Issues with your question

• The expression will not evaluate to true. I dont know why you assume that and require that it does. After the execution of the above script, the resultant bool will be false.

!((71 > 70) && (80 > 71)) || 72 < 71
!((true) && (true)) || false
!(true & true)
false

• you cannot declare a string without quotes; string express = "within quotes"; . Statement above in post ( string expression = !((71 > 70) && (80 > 71)) || 72 < 71 ; ) is not a valid C# statement.
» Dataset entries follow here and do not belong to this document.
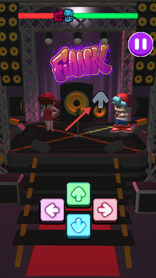 2、跟隨音樂節奏,當上方出現方向箭頭時,點擊下方對應方向鍵。
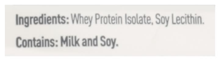 Ingredients: Whey Protein Isolate, Soy Lecithin. Naturally Occurring Amino Acid Profile: Essential Amino Acids [EAAs]: Isoleucine; Leucine; Lysine; Methionine; Phenylalanine; Threonine; Tryptophan; Valine; Histidine. Conditionally Essential Amino Acids (CAAs): Arginine; Cysteine; Glutamine & Glutamic Acid; Glycine; Proline; Tyrosine. NonEssential Amino Acids (NAAs): Alanine; Aspartic Acid; Serine. Total BCAAs 5.7 grams; 11.8 g; 8.3 Contains: Milk, Soybeans
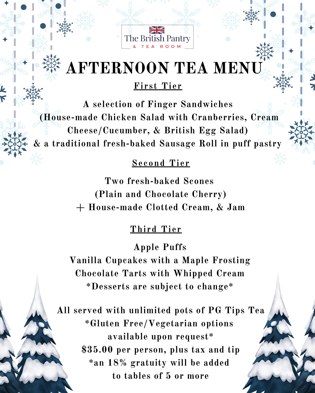 Indulge in the timeless tradition of High Tea with our authentic and elegant experience. Our High Tea is a feast for the senses, featuring a selection of delicate finger sandwiches, freshly baked scones with clotted cream and jam, a freshly baked sausage roll, and three desserts per person presented on a 3 tier tray. We add Friday service in our Tea Room during December.
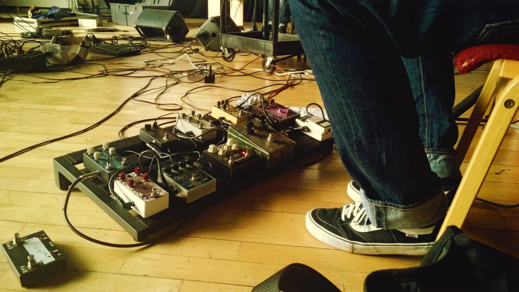 A shower and a good cup of coffee and I’m ready for another load-in. This venue is an even smaller rom than last night and it’s a serious challenge getting all the set in. I leave the experts to it and turn my attention to Martin’s equipment. Although my job on this tour is sound engineer, I’m also here as an expert in Martin’s setup, which is idiosyncratic to say the least. Yesterday’s gig was after a few days rehearsal and Martin’s gear had organically grown into a pile of teetering effects pedals with tangled festoons of wire – like some weird art installation. It took about an hour and a half to pack away. Today I spent a large portion of my time pulling it all apart and rebuilding it into neat and tidy usable blocks of technology. Very satisfying. The dressing room looked like an explosion in a cable factory for a while.
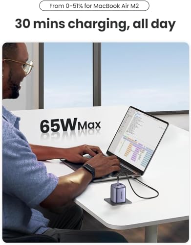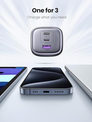 UGREEN - رأس شاحن نيكسود برو بتقنية الشحن السريع بـ3 منافذ 65 وات من يوجرين، رمادي/أسود
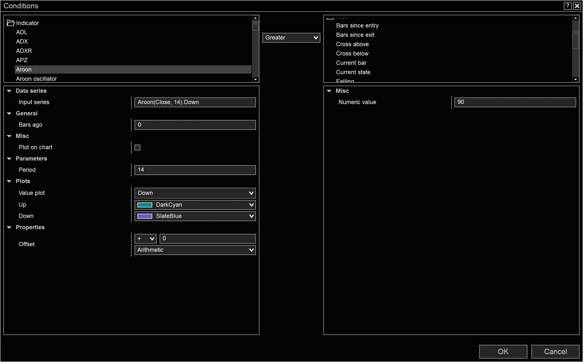 For the indicators, I have no problem with a situation where I call out for example, a SMA50 crossing over a SMA200. But when I attempt to set a condition whereas the indicator line I am measuring crosses a certain numerical value, I get errors in my code. My setting is attached.
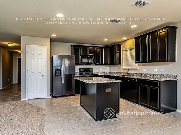 Home Features and Amenities: Air Conditioning, Fenced Yard, Garage, Granite Countertops, Kitchen Island, Long Lease Terms, Pet Friendly, Recessed Lighting, Smart Home, Tile, W/D Hookups, and professionally managed by Invitation Homes.
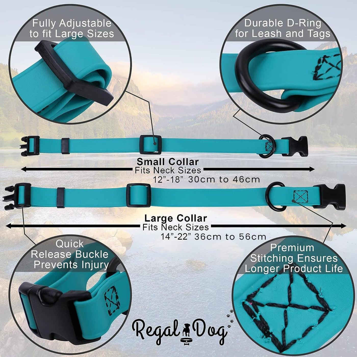 Q: What sizes does the Regal Dog Products Teal Waterproof Collar come in?A: The Regal Dog Products Teal Waterproof Collar is adjustable and fits small, medium, large, and big dogs. The collar for small dogs ranges from 12" to 18" in length and is ¾" wide, while the collar for large dogs ranges from 14" to 22" in length and is 1" wide.
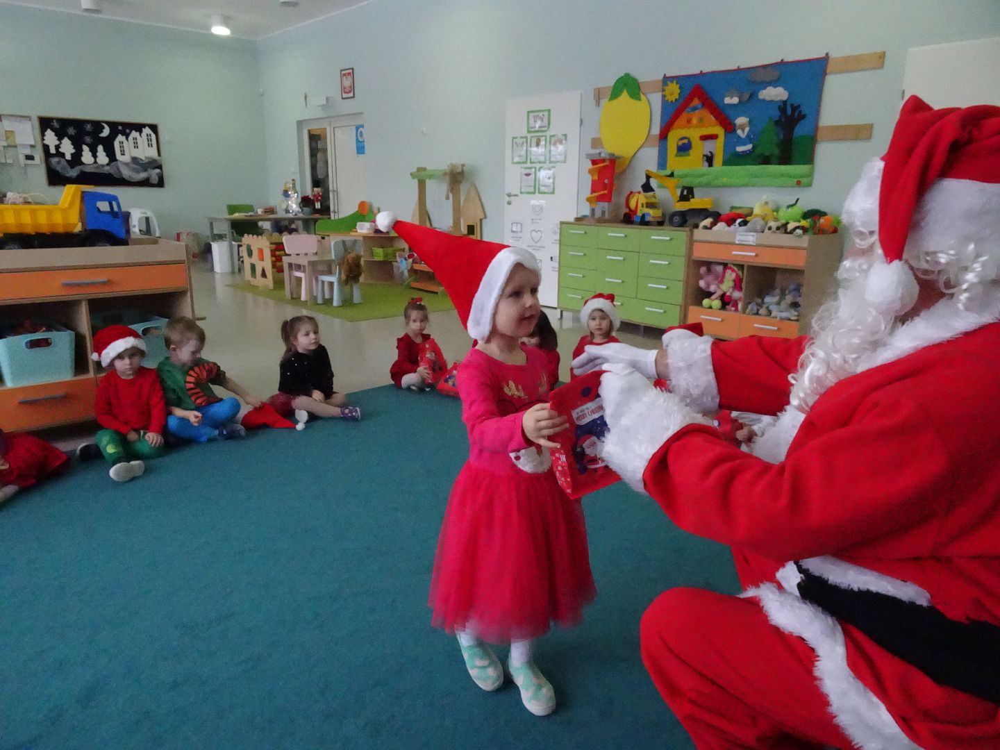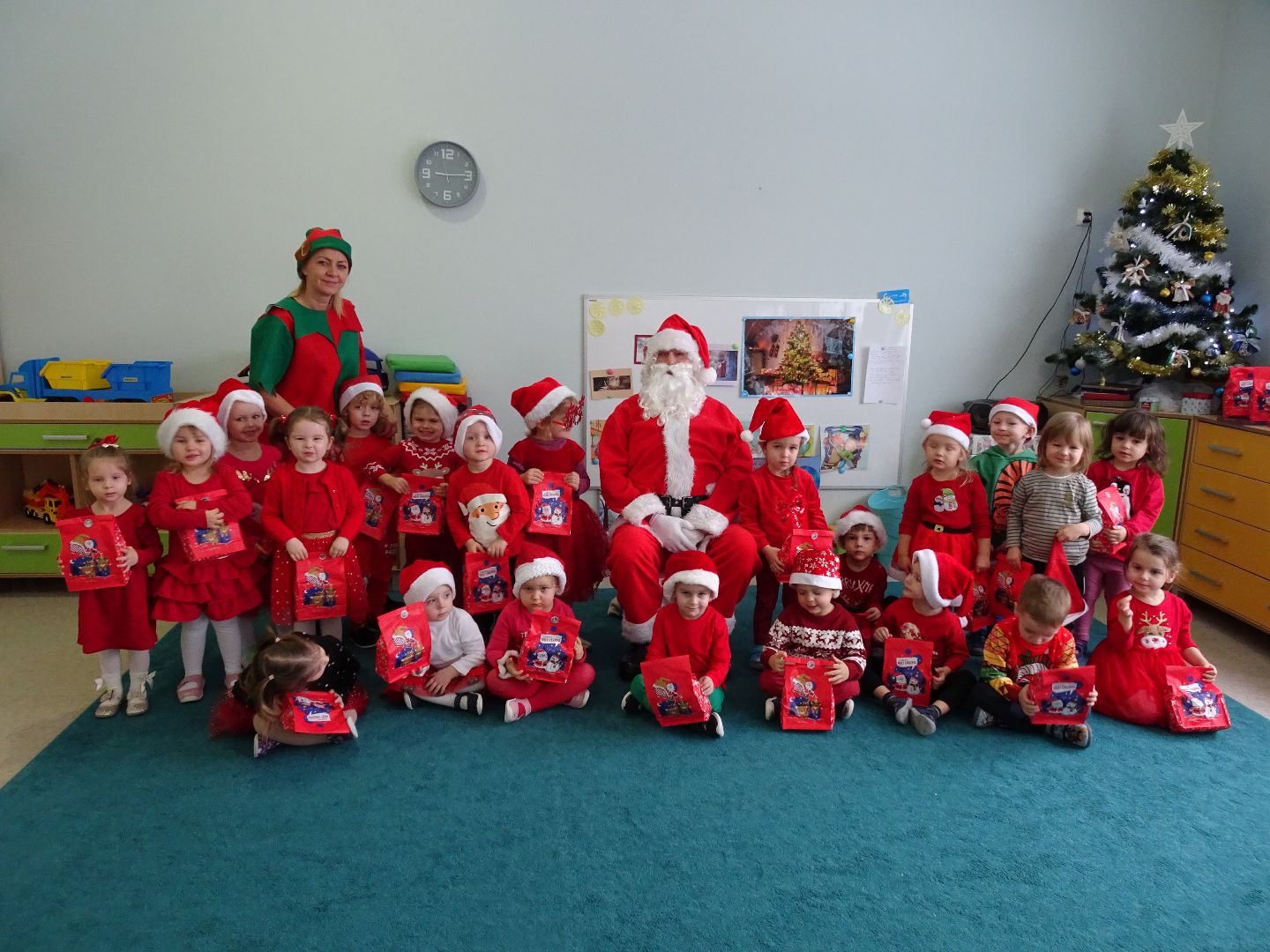 Jedzie święty Mikołaj białą brodą świeci worek z prezentami ma dla grzecznych dzieci. Dziś w przedszkolu dzieci spotkały Świętego Mikołaja, który przybył do nas z daleka i ofiarował wszystkim prezenty.Było bardzo czerwono, wesoło, muzycznie i radośnie. Dziękujemy Mikołaju za wszystkie niespodzianki :)
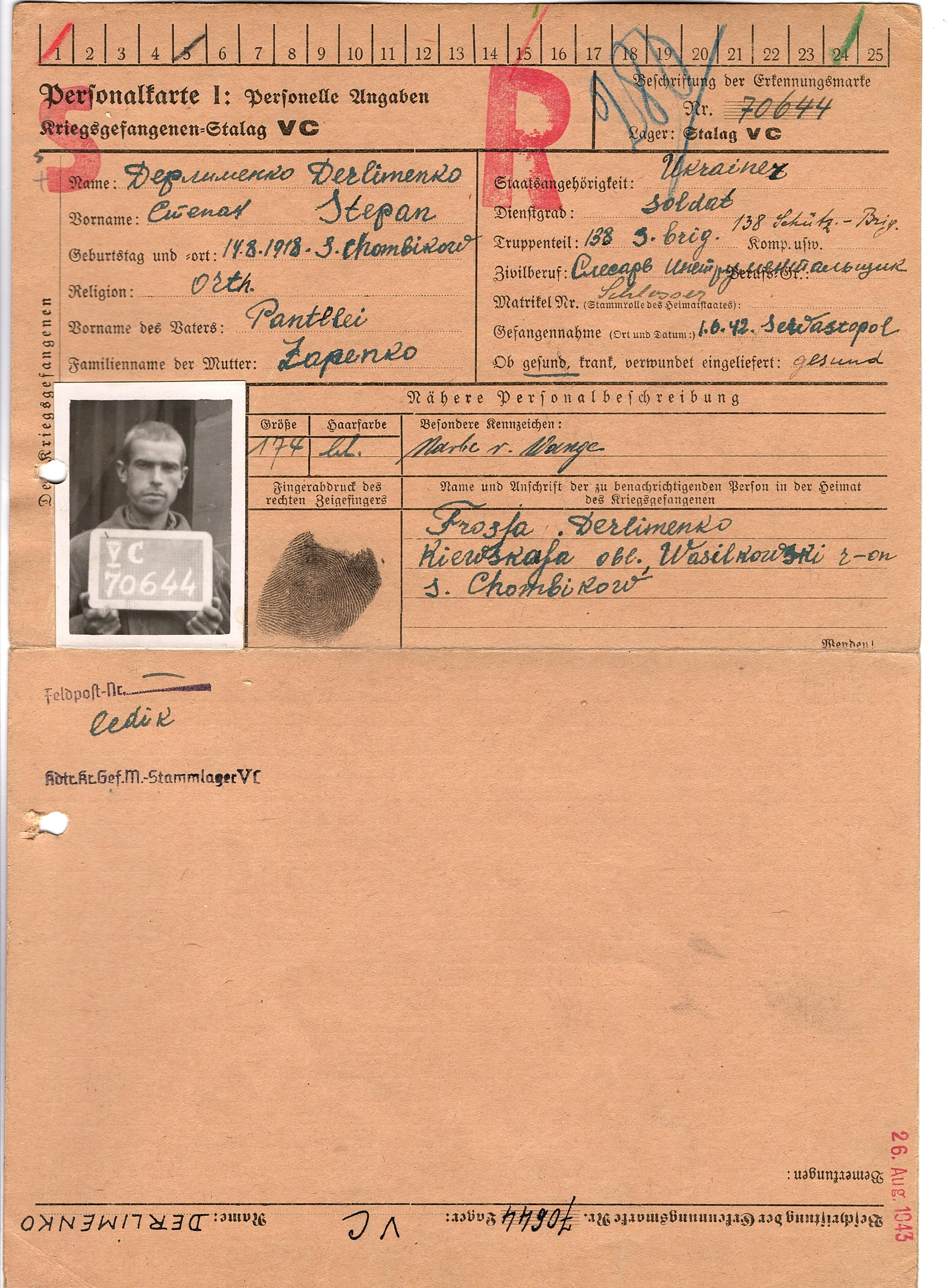 Военнопленные, трофейные карточки. Киевская обл.
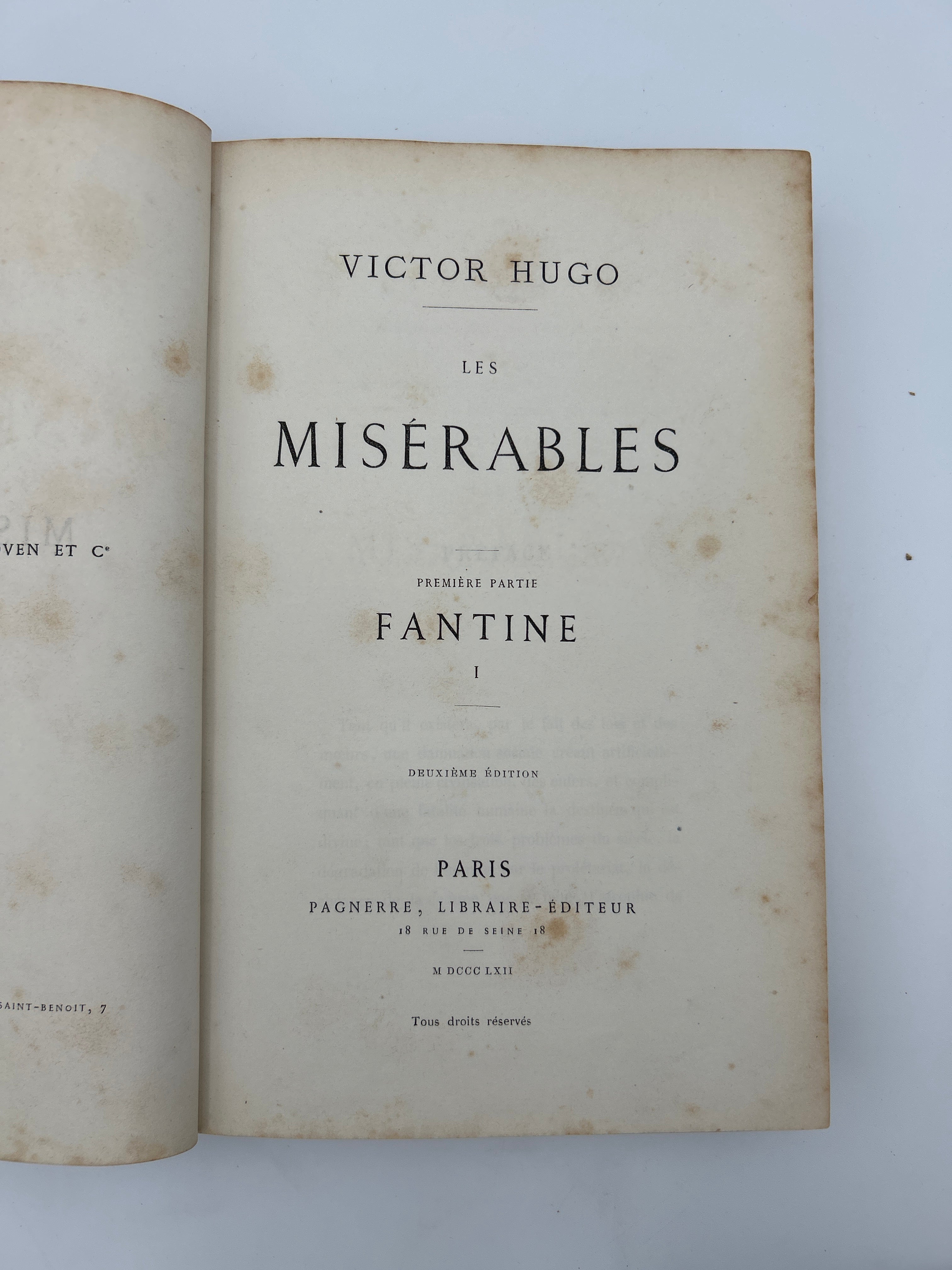 5b. First Edition later printing. Victor Hugo In French. 1862

Test snippet here at #dotnetfiddle

Answer 2

You can use the NCalc package. The code below produces "False"

using System;
using NCalc;

public class Program
{
    public static void Main()
    {
        Expression e = new Expression("!((71 > 70) && (80 > 71)) || 72 < 71");
        bool v = (bool)e.Evaluate();
        Console.WriteLine(v.ToString());
    }
}

.Net Fiddle: https://dotnetfiddle.net/02c5ww

Answer 3

If your requirement is to get expressoin output as string "true" then use this,

string expression = Convert.ToString(!((71 > 70) && (80 > 71)) || 72 < 71);

And if requirement is to get bool "true" then use this,

bool expression = !((71 > 70) && (80 > 71)) || 72 < 71;

But your expression is like it will return false, to make it true remove "!" as below,

string expression = Convert.ToString(((71 > 70) && (80 > 71)) || 72 < 71);            
bool bool_expression = ((71 > 70) && (80 > 71)) || 72 < 71;